[TASK REQUIREMENTS]:
Copy everything in the listing below word for word, apart from any images.

[EXERCISE DATA]:
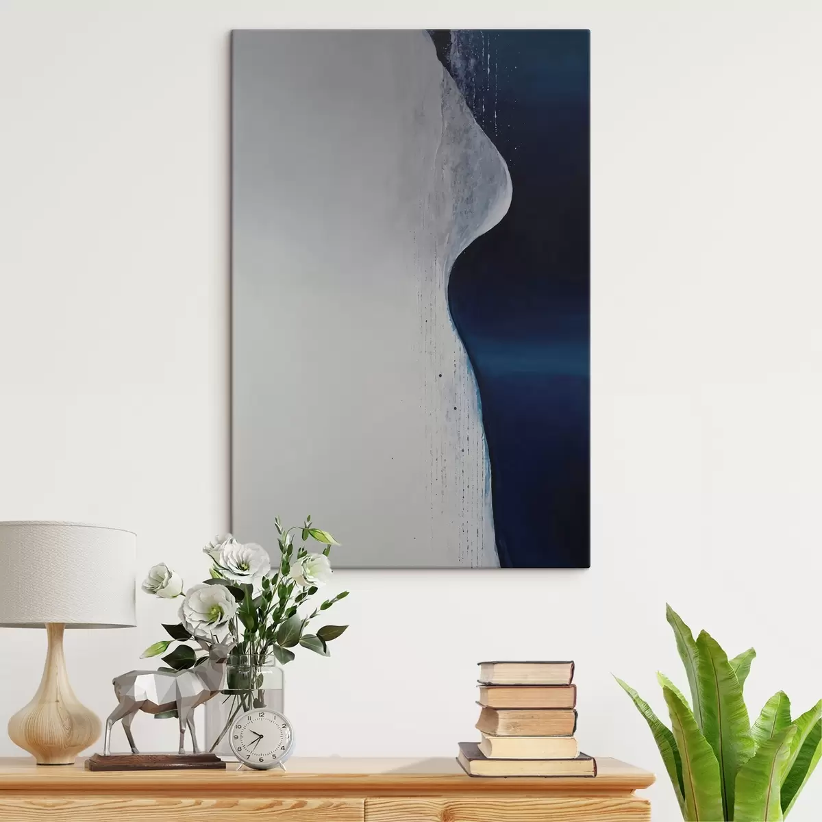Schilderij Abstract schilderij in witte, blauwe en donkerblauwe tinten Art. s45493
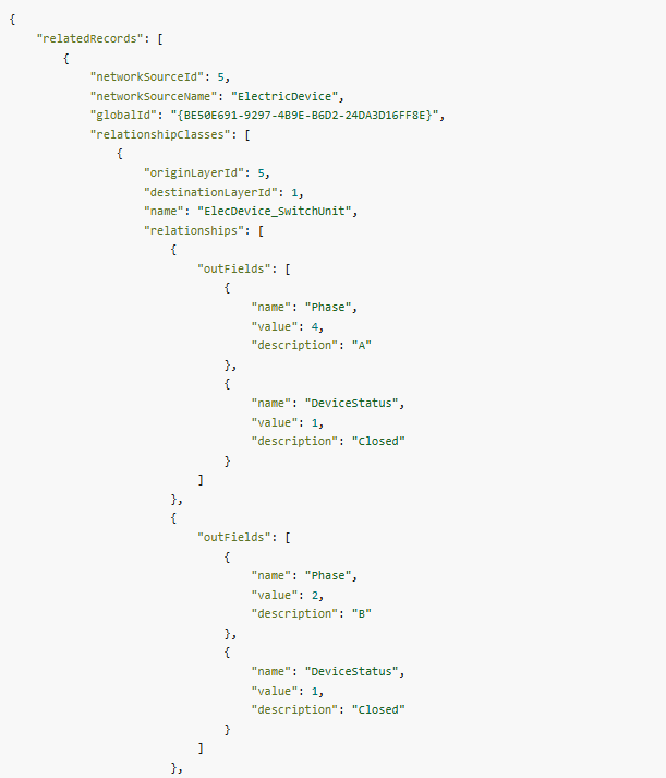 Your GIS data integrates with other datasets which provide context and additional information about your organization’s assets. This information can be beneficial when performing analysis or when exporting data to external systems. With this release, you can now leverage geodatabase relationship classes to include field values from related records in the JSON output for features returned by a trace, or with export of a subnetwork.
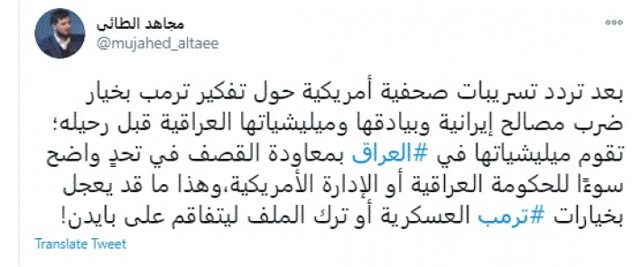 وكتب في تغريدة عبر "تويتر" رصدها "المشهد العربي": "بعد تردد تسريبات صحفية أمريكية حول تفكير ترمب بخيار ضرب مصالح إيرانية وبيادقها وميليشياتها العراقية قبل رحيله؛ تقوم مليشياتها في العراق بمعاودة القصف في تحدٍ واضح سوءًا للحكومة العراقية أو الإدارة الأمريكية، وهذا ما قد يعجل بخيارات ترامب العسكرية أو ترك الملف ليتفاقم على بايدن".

[COMPLETED TASK]:
Schilderij Abstract schilderij in witte, blauwe en donkerblauwe tinten Art. s45493
 Your GIS data integrates with other datasets which provide context and additional information about your organization’s assets. This information can be beneficial when performing analysis or when exporting data to external systems. With this release, you can now leverage geodatabase relationship classes to include field values from related records in the JSON output for features returned by a trace, or with export of a subnetwork.
 وكتب في تغريدة عبر "تويتر" رصدها "المشهد العربي": "بعد تردد تسريبات صحفية أمريكية حول تفكير ترمب بخيار ضرب مصالح إيرانية وبيادقها وميليشياتها العراقية قبل رحيله؛ تقوم مليشياتها في العراق بمعاودة القصف في تحدٍ واضح سوءًا للحكومة العراقية أو الإدارة الأمريكية، وهذا ما قد يعجل بخيارات ترامب العسكرية أو ترك الملف ليتفاقم على بايدن".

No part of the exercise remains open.